Let \(X\) be a continuous random variable and let \(f(x)\) be the pdf of \(X.\) The expected value of \(X\) is \[E[X] = \int_{-\infty}^\infty x f(x) dx\]

The definition for the expected value of a continuous random variable is closely related to the definition for a discrete random variable. For a discrete random variable \(X,\) the expectation is \[E[X] = \sum_{x \in S} x p(x)\] The integral is replaced with a sum and the pdf is replaced with the pmf.

Example: Let \(X\) be the continuous random variable with pdf \(f(x) = \frac{3}{7}x^2\) if \(1 < x < 2\) and \(0\) otherwise. Then the expected value of \(X\) is \begin{align} E[X] & = \int_{-\infty}^\infty xf(x)dx \\ & = \int_1^2 x \cdot \frac{3}{7}x^2 dx \\ & = \int_1^2 \frac{3}{7}x^3 dx\\ & = \left. \frac{3}{28}x^4 dx \right|_1^2 \\ & = \frac{48}{28} - \frac{3}{28} \\ & = \frac{45}{28} \end{align} The range of the integral changes in the first line because \[\int_{-\infty}^1 xf(x) dx = \int_{-\infty}^1 0 dx = 0\] and \[\int_2^{\infty} xf(x) dx = \int_2^\infty 0 dx = 0\]

Alternate Definition For Positive \(X\)

If \(X\) is a continuous random variable such that \(X \geq 0\) and \(F(x)\) is the cdf of \(X,\) then the expected value of \(X\) is \[\int_0^\infty (1-F(x)) dx\]

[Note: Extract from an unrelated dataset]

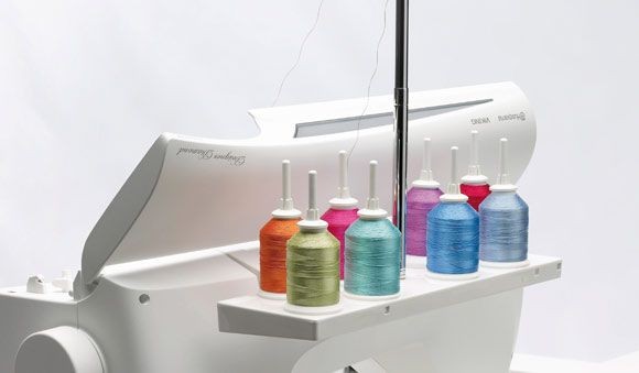 Viene inserito nella parte superiore dietro alla macchina e viene dotato di portaspola che tengono fino ad otto rocchetti. I portarocchetti sono numerati in funzione dei cambi di colore nei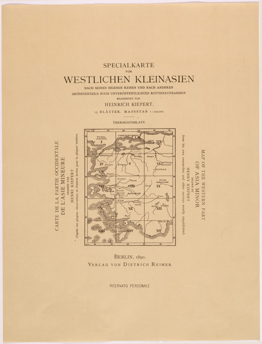 "Carta in 15 fogli più un quadro d' unione e un allegato al foglio VI rappresentante la continuazione della linea ferroviaria fino ad Angora."

Proof: The equation follows from direct computation. \begin{align} \int_0^\infty (1-F(x))dx & = \int_0^\infty P(X \geq x) \\ & = \int_0^\infty \int_x^\infty f(t) dt dx \\ & = \int_0^\infty \int_0^t f(t) dx dt \\ & = \int_0^\infty tf(t)dt \\ & = \int_0^\infty xf(x)dx \\ & = E[X] \end{align}

Pull Out Contants

Claim: For any continuous random variable \(X\) and any constand \(c,\) \[E[cX] = cE[X]\]

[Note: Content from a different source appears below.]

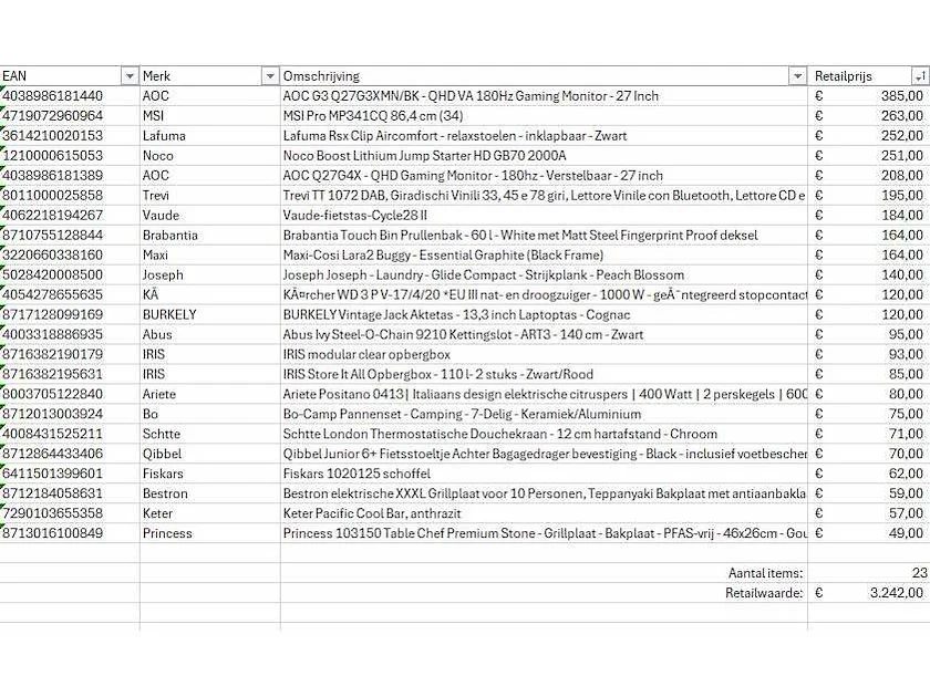 Dit betreft een partij A-merk retourgoederen van een grote online retailer. De partij bestaat uit diverse productcategorieën. Aantal stuks: 23. Retailwaarde: €3242,- Ongecontroleerd: werking onbekend (mix van werkend, incompleet, beschadigd, te gebruiken voor onderdelen). Kom op de kijkdag om te om zo een goed beeld te krijgen van de reden van retour. Zie foto's voor lijst met inhoud. Bezorgtermijn 14 dagen Merk: Pallet Retourgoederen

Let \(X\) have pdf \(f(x).\) Then \begin{align} E[cX] & = \int_{-\infty}^\infty cxf(x)dx \\ & = c\int_{-\infty}^\infty xf(x)dx \\ & = cE[X] \end{align}

Sums of Random Variables

Claim: For any two continuous random variables \(X\) and \(Y,\) \[E[X+Y] = E[X]+E[Y]\]

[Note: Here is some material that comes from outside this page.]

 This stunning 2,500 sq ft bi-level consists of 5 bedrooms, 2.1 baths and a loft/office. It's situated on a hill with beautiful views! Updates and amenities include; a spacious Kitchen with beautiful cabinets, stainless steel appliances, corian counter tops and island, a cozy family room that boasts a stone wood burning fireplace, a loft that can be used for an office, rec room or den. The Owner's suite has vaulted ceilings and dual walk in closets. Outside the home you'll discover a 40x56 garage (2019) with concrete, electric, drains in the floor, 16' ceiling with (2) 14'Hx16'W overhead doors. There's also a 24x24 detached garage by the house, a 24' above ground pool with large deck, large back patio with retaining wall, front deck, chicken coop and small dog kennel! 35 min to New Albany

The result is shown by manipulating the integral. \begin{align} E[X+Y] & = \int_{-\infty}^\infty \int_{-\infty}^\infty (x+y)f(x,y)dxdy \\ & = \left(\int_{-\infty}^\infty \int_{-\infty}^\infty xf(x,y)dxdy\right) + \left(\int_{-\infty}^\infty \int_{-\infty}^\infty yf(x,y)dxdy\right)\\ & = \left(\int_{-\infty}^\infty x\int_{-\infty}^\infty f(x,y)dydx\right) + \left(\int_{-\infty}^\infty y\int_{-\infty}^\infty f(x,y)dxdy\right)\\ & = \left(\int_{-\infty}^\infty xf_X(x)dx\right) + \left(\int_{-\infty}^\infty yf_Y(y)dy\right)\\ & = E[X]+E[Y] \end{align}

Linearity of Random Variables

Corollary: Given two random variables \(X\) and \(Y\) and constants \(a, b,\) and \(c,\) \[E[aX + bY + c] = aE[X] + bE[Y] + c\]

Products of Independent Random Variables

Claim: If \(X\) and \(Y\) are independent continuous random variables, then \[E[XY] = E[X]E[Y]\]

Since \(X\) and \(Y\) are independent, there is a set of coordinates over which \(f(x,y)=f_X(x)f_Y(y)\) over a rectangular region \(R.\) Let \(R = [a,b] \times [c,d]\) where the endpoints may be \(\pm \infty.\) Then \begin{align} E[XY] & = \int_{-\infty}^\infty \int_{-\infty}^\infty xyf(x,y) dxdy \\ & = \int_a^b \int_c^d xyf(x)f(y) dxdy\\ & = \left(\int_a^b xf(x)dx\right)\left(\int_c^d yf(y)dy\right)\\ & = E[X]E[Y] \\ \end{align}

Expected Value of a Function of \(X\)

Let \(g(x)\) be a function. We can compose \(g\) with \(X\) to get a new random variable. The expected value of \(g(X)\) is \[E[g(X)] = \int_{-\infty}^\infty g(x)f(x)dx\]

Example: Let \(X\) be the random variable with pdf \(f(x) =\frac{1}{x}\) when \(1 < x < e.\) Find \(E[X^3+1].\)

First, by the linearity of expectation we have \(E[X^3+1] = E[X^3]+1.\)

Next, we can use the formula for the expected value of a function of \(X.\) \begin{align} E[X^3] & = \int_1^e x^3 \cdot \frac{1}{x} dx \\ & = \int_1^e x^2 dx\\ & = \left. \frac{x^3}{3} \right|_1^e \\ & = \frac{e^3 - 1}{3} \end{align} Combining the two, we get \[E[X^3+1] = \frac{e^3 - 1}{3}+1 = \frac{e^3 + 2}{3}.\]

Check your understanding:

1. Find \(E[X]\) if the pdf of \(X\) is \(10x^9\) for \(0 < x < 1.\)


2. Find \(E[X]\) if the pdf of \(X\) is \(f(x) = \frac{2}{3}\) for \(1 \leq x < 2,\) and \(f(x) = \frac{6-2x}{3}\) for \(2 \leq x < 3.\)


3. Find \(E[X]\) if \(X\) has pdf \(ln(x)\) for \(1 < x < e.\)


4. Find \(E[X]\) if \(X\) has the pdf \(f(x) = 2e^{-2x}\) for \(x > 0.\)